IRRAD originated in the mid-1990s as a response to increasing need for systematic radiation-hardness assurance for electronics and detectors for projects such as LEP upgrades and early LHC preparations. It evolved through phased upgrades of beamline optics, dosimetry, and automation driven by collaboration with detector R&D groups from CERN member states and international laboratories. Notable milestones include integration of mixed-field capabilities to reproduce complex hadronic environments experienced in collider detectors and expansion of user support paralleling major detector upgrade campaigns for HL-LHC planning.

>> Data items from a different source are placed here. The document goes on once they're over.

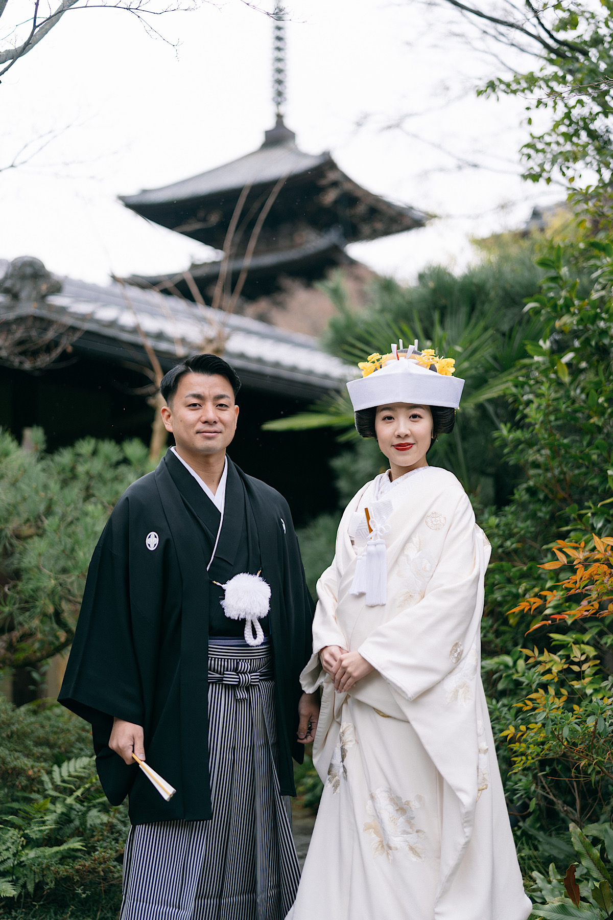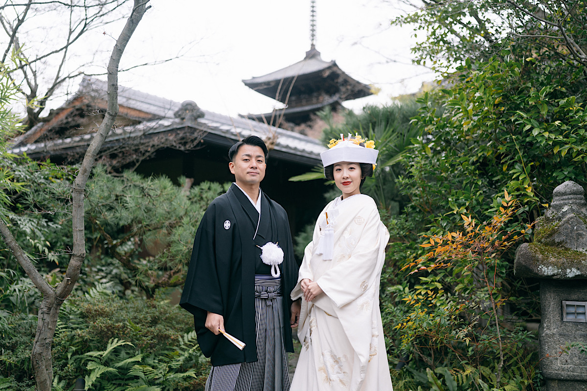 日本の伝統衣裳の白無垢と紋付袴を身に纏い執り行う八坂の塔が見える京都の結婚式会場ザ ソウドウ 東山 京都で叶える和装結婚式人気のドレスショップ ザ トリート ドレッシングがおすすめする京都らしさや和を堪能できる着物で過ごすお色直し衣装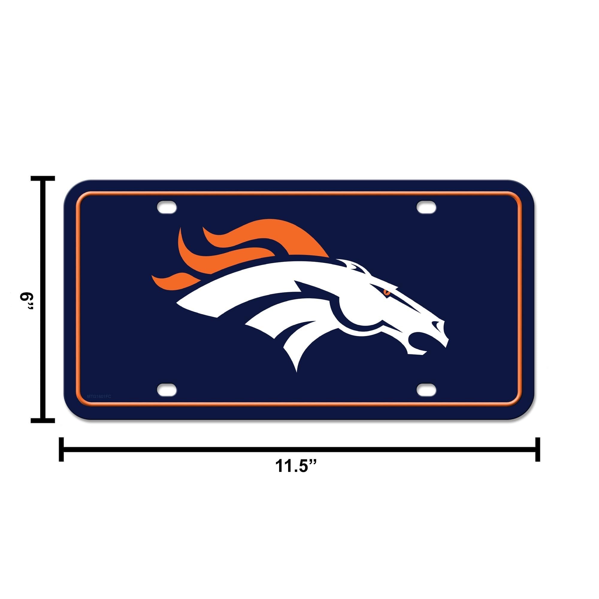 Denver Broncos Team Logo Metal Auto Tag 6" x 12" A great gift idea for Broncos football fans that is guaranteed to be a beloved possession with eye catching graphics. Durable and fade resistant, the 12" x 6" automobile tag is expertly made, using quality aluminum which ensures it can survive the different season and extreme weather. This auto accessory is perfect for the casual and everyday fan. Whether it is game day at the stadium or a home game with friends this auto tag will be the highlight of the drive. This tag can be used on the front or back or your car, truck, or RV. It can also be used on your trailer. Has predrilled screw holes to easily attach onto your automobile. Hassle free!Great Gift Item for NFL Football Fans: Guaranteed to be your most beloved possession as it boasts eye catching graphics and is inscribed with your favorite squad’s name and colors. Proudly display your favorite teams name and colorA One-Of-A-Kind Tag – Be the first to own an exceptionally durable, fade resistant 12" x 6" automobile tag. Expertly made, using quality aluminum which ensures your tag can survive the different season and extreme weather.A Fan Favorite 12" x 6" Car/Truck Tag - This auto accessory is perfect for the casual and everyday fan. Whether it is game day at the stadium or a home game with friends this auto tag will be the highlight of the drive.High Performance & Versatile: This brand-new accessory tag can be used on the front or back or your car, truck, or RV. It can also be used on your trailer. Has predrilled screw holes to easily attach onto your automobile. Hassle free!Bring Your Room Car To Life With This Officially Licensed Car/Truck Tag - A limited edition collectible that will be talked about forever whether you are a casual, social, or super fanatic fan. All your friends will be asking you where you got your auto Tag!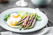 Smażone jajko ze szparagami, pomidorem i bekonem. Przydatne śniadanie.

Access to IRRAD is provided via a user program managed through proposal calls and institutional agreements, enabling academic groups, national laboratories, and industrial partners to perform irradiation campaigns. Collaborative frameworks include Memoranda of Understanding with projects like ATLAS and CMS upgrade consortia and bilateral arrangements with external labs such as Brookhaven National Laboratory. Users benefit from technical support, data acquisition services, and post-irradiation analysis carried out in partnership with university groups from University of Oxford, Imperial College London, and CERN fellowship schemes. Successful proposals typically describe fluence requirements, sample geometry, and data deliverables aligned with community standards.